= Your goal =
All that belongs in the answer is the lines from the one containing "大东海确实高一档次,海更蓝,沙滩更干净,几乎没什么人。不" to the end of the listing below, copied exactly, pictures excluded.

<<<<

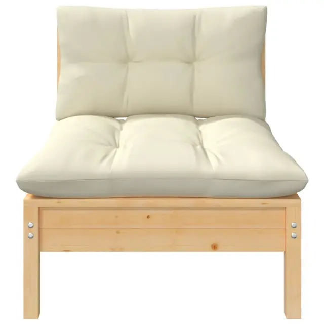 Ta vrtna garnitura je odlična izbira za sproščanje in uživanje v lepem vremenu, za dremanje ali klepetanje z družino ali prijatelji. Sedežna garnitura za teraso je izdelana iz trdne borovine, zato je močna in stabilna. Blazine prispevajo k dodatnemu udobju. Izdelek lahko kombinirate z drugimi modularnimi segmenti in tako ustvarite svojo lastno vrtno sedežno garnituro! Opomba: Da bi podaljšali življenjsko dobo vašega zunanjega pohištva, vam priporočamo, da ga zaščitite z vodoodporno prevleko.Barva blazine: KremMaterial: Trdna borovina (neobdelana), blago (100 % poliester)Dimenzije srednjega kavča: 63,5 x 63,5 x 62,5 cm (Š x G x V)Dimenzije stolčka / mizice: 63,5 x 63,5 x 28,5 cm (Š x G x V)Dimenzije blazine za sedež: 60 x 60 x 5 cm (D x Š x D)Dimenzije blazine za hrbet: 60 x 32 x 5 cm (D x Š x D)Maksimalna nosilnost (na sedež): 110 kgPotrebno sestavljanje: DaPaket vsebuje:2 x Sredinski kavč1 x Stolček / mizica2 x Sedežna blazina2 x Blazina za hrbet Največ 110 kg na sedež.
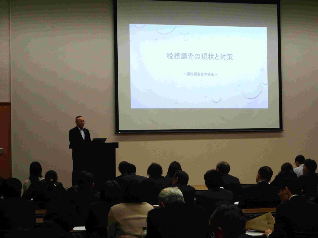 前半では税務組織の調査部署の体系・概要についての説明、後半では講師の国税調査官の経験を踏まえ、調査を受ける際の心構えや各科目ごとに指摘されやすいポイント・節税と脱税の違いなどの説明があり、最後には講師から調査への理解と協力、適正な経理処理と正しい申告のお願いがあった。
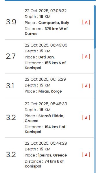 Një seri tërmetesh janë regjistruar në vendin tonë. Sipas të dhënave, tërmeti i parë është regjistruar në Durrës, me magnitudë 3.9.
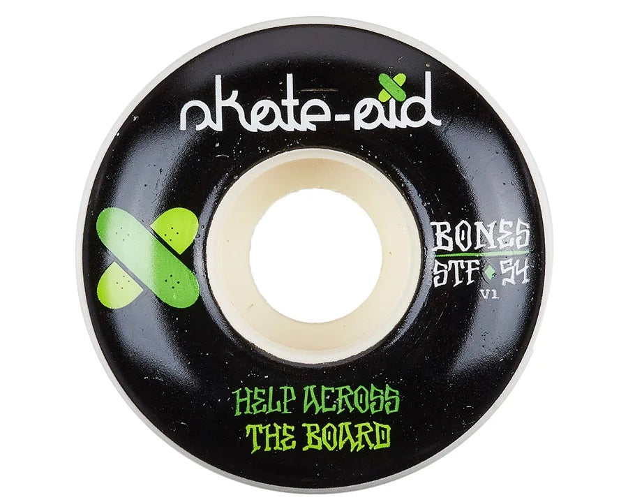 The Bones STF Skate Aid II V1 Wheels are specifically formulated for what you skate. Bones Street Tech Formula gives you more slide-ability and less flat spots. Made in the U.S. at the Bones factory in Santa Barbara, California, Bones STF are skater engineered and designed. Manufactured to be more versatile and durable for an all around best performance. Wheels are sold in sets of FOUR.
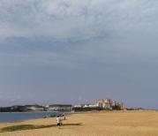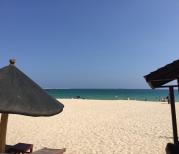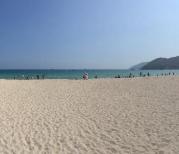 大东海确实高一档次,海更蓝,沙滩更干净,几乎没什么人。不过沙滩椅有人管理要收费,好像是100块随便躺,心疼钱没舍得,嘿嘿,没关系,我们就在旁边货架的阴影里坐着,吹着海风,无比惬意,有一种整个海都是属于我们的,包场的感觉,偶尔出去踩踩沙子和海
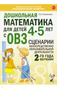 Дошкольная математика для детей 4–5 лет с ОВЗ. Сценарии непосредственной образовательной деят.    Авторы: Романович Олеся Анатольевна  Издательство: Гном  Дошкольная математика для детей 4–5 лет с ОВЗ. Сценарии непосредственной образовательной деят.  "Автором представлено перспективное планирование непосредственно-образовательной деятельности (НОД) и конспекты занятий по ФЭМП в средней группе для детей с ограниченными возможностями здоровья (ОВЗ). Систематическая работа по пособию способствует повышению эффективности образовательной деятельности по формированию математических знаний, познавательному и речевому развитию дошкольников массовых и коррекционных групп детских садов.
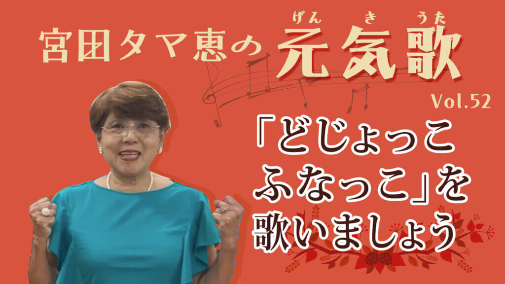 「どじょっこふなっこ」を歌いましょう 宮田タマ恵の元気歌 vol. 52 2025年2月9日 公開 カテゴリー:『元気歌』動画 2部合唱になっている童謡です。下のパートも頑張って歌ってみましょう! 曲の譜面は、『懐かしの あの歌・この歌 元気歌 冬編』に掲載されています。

>>>>

= Answer box =
 大东海确实高一档次,海更蓝,沙滩更干净,几乎没什么人。不过沙滩椅有人管理要收费,好像是100块随便躺,心疼钱没舍得,嘿嘿,没关系,我们就在旁边货架的阴影里坐着,吹着海风,无比惬意,有一种整个海都是属于我们的,包场的感觉,偶尔出去踩踩沙子和海
 Дошкольная математика для детей 4–5 лет с ОВЗ. Сценарии непосредственной образовательной деят.    Авторы: Романович Олеся Анатольевна  Издательство: Гном  Дошкольная математика для детей 4–5 лет с ОВЗ. Сценарии непосредственной образовательной деят.  "Автором представлено перспективное планирование непосредственно-образовательной деятельности (НОД) и конспекты занятий по ФЭМП в средней группе для детей с ограниченными возможностями здоровья (ОВЗ). Систематическая работа по пособию способствует повышению эффективности образовательной деятельности по формированию математических знаний, познавательному и речевому развитию дошкольников массовых и коррекционных групп детских садов.
 「どじょっこふなっこ」を歌いましょう 宮田タマ恵の元気歌 vol. 52 2025年2月9日 公開 カテゴリー:『元気歌』動画 2部合唱になっている童謡です。下のパートも頑張って歌ってみましょう! 曲の譜面は、『懐かしの あの歌・この歌 元気歌 冬編』に掲載されています。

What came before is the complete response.